– Каюсь: я их познакомил. На этюдах. Раз Нефедов за мною увязался. Значит, сдал эту работу… И Оленьку вновь увидал. Одну. Я-то теперь довольный… Она – печальная. «Почему же вы тогда не подошли ко мне?» – спросила она с гневом и обидой.
«Почему?» – И ответил я: – «Да потому, что вы-то были прекрасны-распрекрасны. На вас было ослепительно белое платье, золотились волосы, ресницы. И солнце, и свежая зелень, и ваше счастливое настроение – все это особенно чудесно гармонировало между собой. И я не хотел разрушать гармонию своей неприкаянностью, эгоизмом, если хотите. Был растрепанный…» «А теперь? Я уж не прекрасна?» – и она заплакала несчастно. Сорвалась и убежала от меня. Я чувствовал неладное. Обычное крушение мифа. Видишь ли: она сочла обольстителя океанной глубиной по его страстным словам, ухаживанию, а обнаружила в конце концов лишь мелкую речушечку, да и то норовящую течь побоку. Я стал, что говорится, думать, рассуждать с самим собой: что я мог ей дать? И так потерял ее окончательно. А тут война… Все закрутилось жутко…
И с другом тогда разошлись во мнениях…
XXI
Итак, раздумавшись о сложной судьбе художника Тамонова, Антон приникнул к подоконнику раскрытого вечернего окна, когда в комнату шумно ввалились сержанты Коржев и Волков. Они шутливо-бесцеремонно сцапали его и повлекли за собою. Он, сопротивляясь им, возроптал:
– Помилуйте!.. Вы – куда?
– Нечего тебе уединяться! Айда с нами на люди – свою скуку исцелишь…
В клубном зале сержант Горелов, рослый, угловато-неуклюжий, но известно-заядлый комик, с комическими ужимками наигрывал на пианино легкие пассажи; собравшиеся, больше молодые женщины, подпевали.
– Гриша, лучше спой-ка под гитару! Держи! – протянули ее ему.

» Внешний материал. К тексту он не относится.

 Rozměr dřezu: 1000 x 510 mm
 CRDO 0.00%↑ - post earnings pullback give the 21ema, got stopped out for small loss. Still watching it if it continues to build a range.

Он, аккомпанируя на ней, запел:
– Шаланды полные кефали в Одессу Костя привозил…
И песню чудесно подхватили все. Допели до конца. Следом сладилась и новая песня:
– Запрягайте, хлопцы, кони…
И опять звучало пианино – тем звучней, когда открывалась дверь (словно вырывалась музыка на простор). Все смеялись, веселились; шелестели, натирая пол, пары ног танцующих. Женские глаза, притягивая, излучали одну любовь. Такое впечатление, будто бы пришел самый сезон любви, коснувшийся всех, когда все уже перелюбились, стараясь любить друг друга так, как могли и умели, и знали, как любить. Женщины подзадоривали ухажеров:
– Вот, вернетесь домой, и вас, мужчин, быстренько утихомирят женщины. Не шалите попадя!
– Уж скорей бы это сделалось; нам не терпится, вы знаете.

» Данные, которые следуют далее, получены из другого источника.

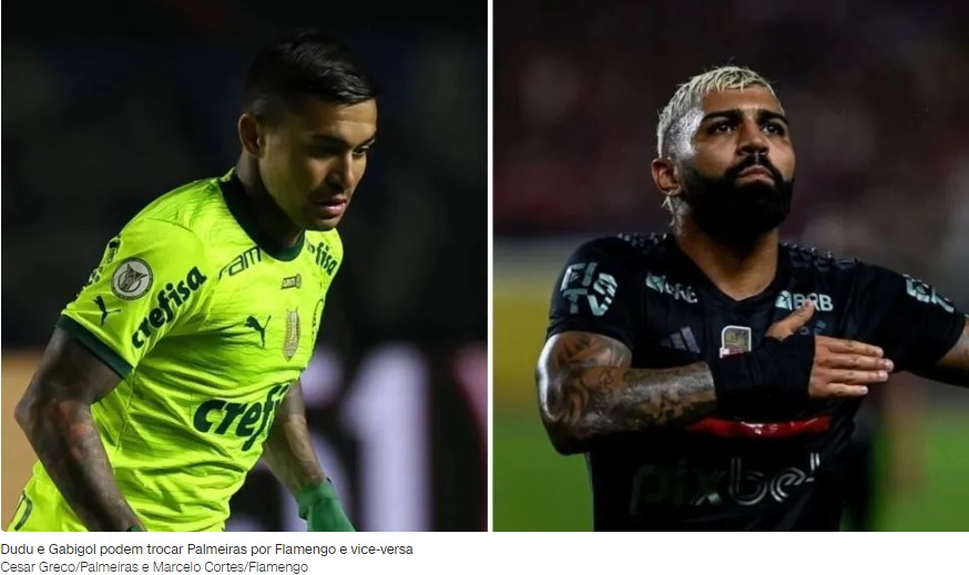 Palmeiras e Flamengo negociam uma troca de jogadores que já foram considerados ídolos absolutos nos clubes. Interessado no centroavante Gabigol, o Alviverde pode ceder o atacante Dudu para viabilizar uma transferência imediata e ganhar um novo reforço para o setor ofensivo.

– Подождите; что потом вы запоете?..
– То же самое. Не бойтесь. Войну стойко выдержали…
– А ты, Антон, почему же не танцуешь? – над ним возникла – глядела на него стеснительно, смущенно и ждала чего-то – Маша! Робкая Маша!
– Ты откуда? Насовсем? – Антон вскочил обрадованный. – Здравствуй!
– Я заехала… проведать… – Теребила она руки, но ее глаза, чистые, излучавшие какой-то правдивый свет, и то, что она, войдя в зал, сию же минуту подошла к Антону, говорили определенно об одном: ее больше всего волновало желание узнать от него что-либо об Илье Федоровиче.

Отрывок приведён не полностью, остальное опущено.